- Task material:
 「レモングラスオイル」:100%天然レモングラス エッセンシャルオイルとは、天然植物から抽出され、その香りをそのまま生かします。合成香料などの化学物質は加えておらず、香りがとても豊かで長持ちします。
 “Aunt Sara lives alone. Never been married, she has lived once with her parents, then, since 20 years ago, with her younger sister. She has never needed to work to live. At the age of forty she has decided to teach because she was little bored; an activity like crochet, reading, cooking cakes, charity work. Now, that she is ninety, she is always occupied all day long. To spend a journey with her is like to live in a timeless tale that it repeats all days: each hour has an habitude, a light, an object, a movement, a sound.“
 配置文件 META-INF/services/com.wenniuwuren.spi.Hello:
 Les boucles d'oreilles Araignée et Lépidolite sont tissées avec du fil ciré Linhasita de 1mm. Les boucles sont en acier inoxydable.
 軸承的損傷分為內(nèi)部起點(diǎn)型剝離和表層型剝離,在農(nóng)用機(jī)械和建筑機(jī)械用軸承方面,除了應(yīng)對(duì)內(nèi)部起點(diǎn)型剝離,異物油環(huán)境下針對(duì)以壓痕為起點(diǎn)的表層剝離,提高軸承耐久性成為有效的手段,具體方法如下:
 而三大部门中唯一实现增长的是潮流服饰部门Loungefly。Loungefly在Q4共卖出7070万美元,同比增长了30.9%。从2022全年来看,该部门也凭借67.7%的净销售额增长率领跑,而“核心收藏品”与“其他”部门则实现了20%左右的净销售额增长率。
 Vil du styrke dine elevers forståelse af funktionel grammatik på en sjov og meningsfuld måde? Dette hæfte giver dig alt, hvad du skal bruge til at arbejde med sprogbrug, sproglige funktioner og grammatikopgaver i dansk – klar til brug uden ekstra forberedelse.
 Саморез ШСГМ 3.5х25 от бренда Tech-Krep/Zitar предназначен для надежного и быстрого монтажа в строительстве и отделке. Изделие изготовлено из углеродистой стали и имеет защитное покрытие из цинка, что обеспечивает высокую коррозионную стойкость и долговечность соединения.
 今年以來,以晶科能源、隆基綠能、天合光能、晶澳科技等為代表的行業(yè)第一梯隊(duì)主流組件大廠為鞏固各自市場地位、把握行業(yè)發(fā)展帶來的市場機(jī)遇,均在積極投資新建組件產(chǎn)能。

- Exercise details: Would you please reproduce every line from the one containing "軸承的損傷分為內(nèi)部" through the final line of the listing, and only those lines?

- Solution to this exercise:
 軸承的損傷分為內(nèi)部起點(diǎn)型剝離和表層型剝離,在農(nóng)用機(jī)械和建筑機(jī)械用軸承方面,除了應(yīng)對(duì)內(nèi)部起點(diǎn)型剝離,異物油環(huán)境下針對(duì)以壓痕為起點(diǎn)的表層剝離,提高軸承耐久性成為有效的手段,具體方法如下:
 而三大部门中唯一实现增长的是潮流服饰部门Loungefly。Loungefly在Q4共卖出7070万美元,同比增长了30.9%。从2022全年来看,该部门也凭借67.7%的净销售额增长率领跑,而“核心收藏品”与“其他”部门则实现了20%左右的净销售额增长率。
 Vil du styrke dine elevers forståelse af funktionel grammatik på en sjov og meningsfuld måde? Dette hæfte giver dig alt, hvad du skal bruge til at arbejde med sprogbrug, sproglige funktioner og grammatikopgaver i dansk – klar til brug uden ekstra forberedelse.
 Саморез ШСГМ 3.5х25 от бренда Tech-Krep/Zitar предназначен для надежного и быстрого монтажа в строительстве и отделке. Изделие изготовлено из углеродистой стали и имеет защитное покрытие из цинка, что обеспечивает высокую коррозионную стойкость и долговечность соединения.
 今年以來,以晶科能源、隆基綠能、天合光能、晶澳科技等為代表的行業(yè)第一梯隊(duì)主流組件大廠為鞏固各自市場地位、把握行業(yè)發(fā)展帶來的市場機(jī)遇,均在積極投資新建組件產(chǎn)能。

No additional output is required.